Greek film director (born 1977)

Spiros Stathoulopoulos (Σπύρος Σταθουλόπουλος; born 1978) is a Greek-Colombian film director best known for the continuously shot thriller PVC-1 (2007) and Meteora (2012).

== Biography ==

Spiros Stathoulopoulos was born in Greece and moved to Colombia at the age of 8. Already at school he developed interest to cinema and at the age of 14 won and award for his short meter film Dimension.
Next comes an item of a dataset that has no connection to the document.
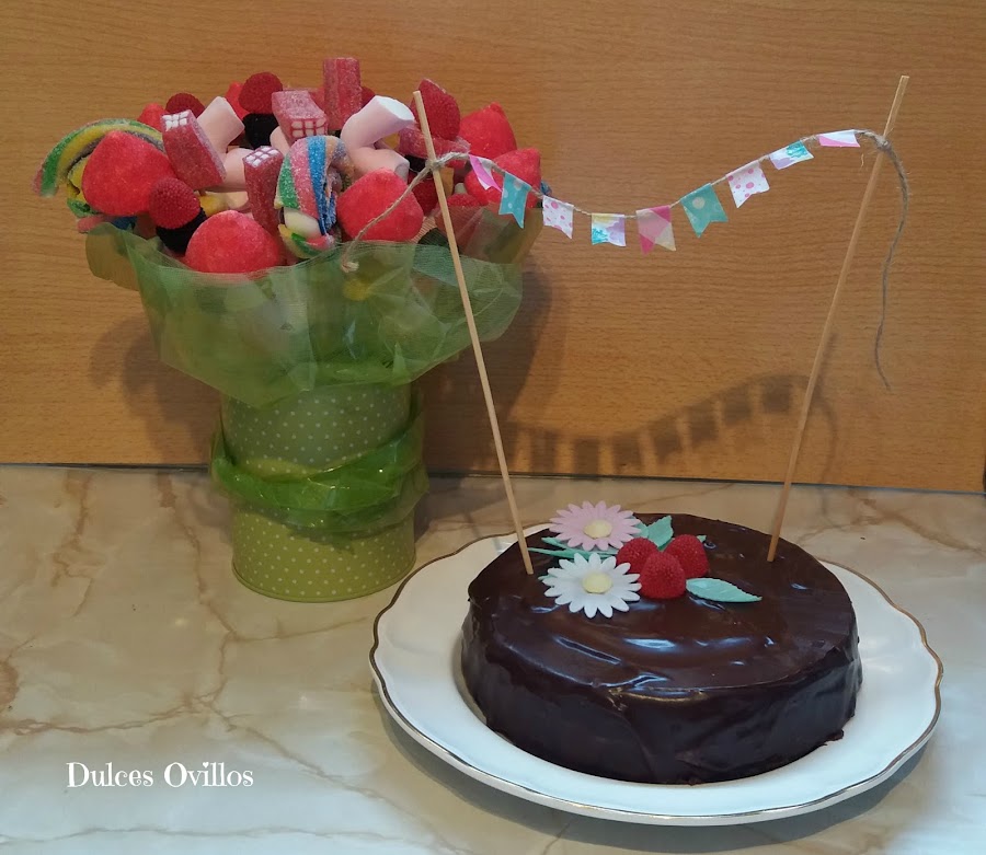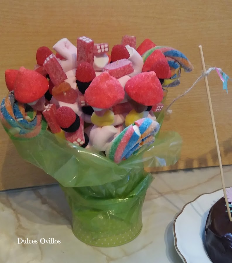 Las chuches no podían faltar, sobre todo para los que no comen chocolate. Aunque todos se pusieron las botas, incluida yo que estoy a dieta. Hice un ramo pinchando las chuches en las brochetas. Las brochetas se sostienen en una lata bonita llena de azúcar. Me encantan las latas, a veces las compro independientemente de lo que lleven dentro ;). Esta lata verde con lunares es de LaCasa, la compré estas Navidades y venía con unas trufas.

Stathoulopoulos studied film-making in Colombia, then at the California State University.

PVC-1 debuted at the 60th Cannes Film Festival in the Quinzaine des Réalisateurs and won numerous international awards including the FIPRESCI Prize at the Thessaloniki International Film Festival.

Meteora, his second film, was nominated for the Golden Bear at the 62nd Berlin International Film Festival.

His segment Killing Klaus Kinski (2016), from the Colombian omnibus film Amazonas, competed in the 2017 Clermont-Ferrand International Short Film Festival, as well as other international festivals in 2018 and 2019.

His next project (working title Godard Knows The Truth) was pitched at the Les Arcs Coproduction Village.

His next feature, Cavewoman, was released in 2022. A modern interpretation of Euripides's Electra, it starred Angeliki Papoulia as a protagonist, a female resistance fighter during the Nazi invasion of Greece. At the 63d Thessaloniki International Film Festival it won the JF Costopoulos Foundation Award.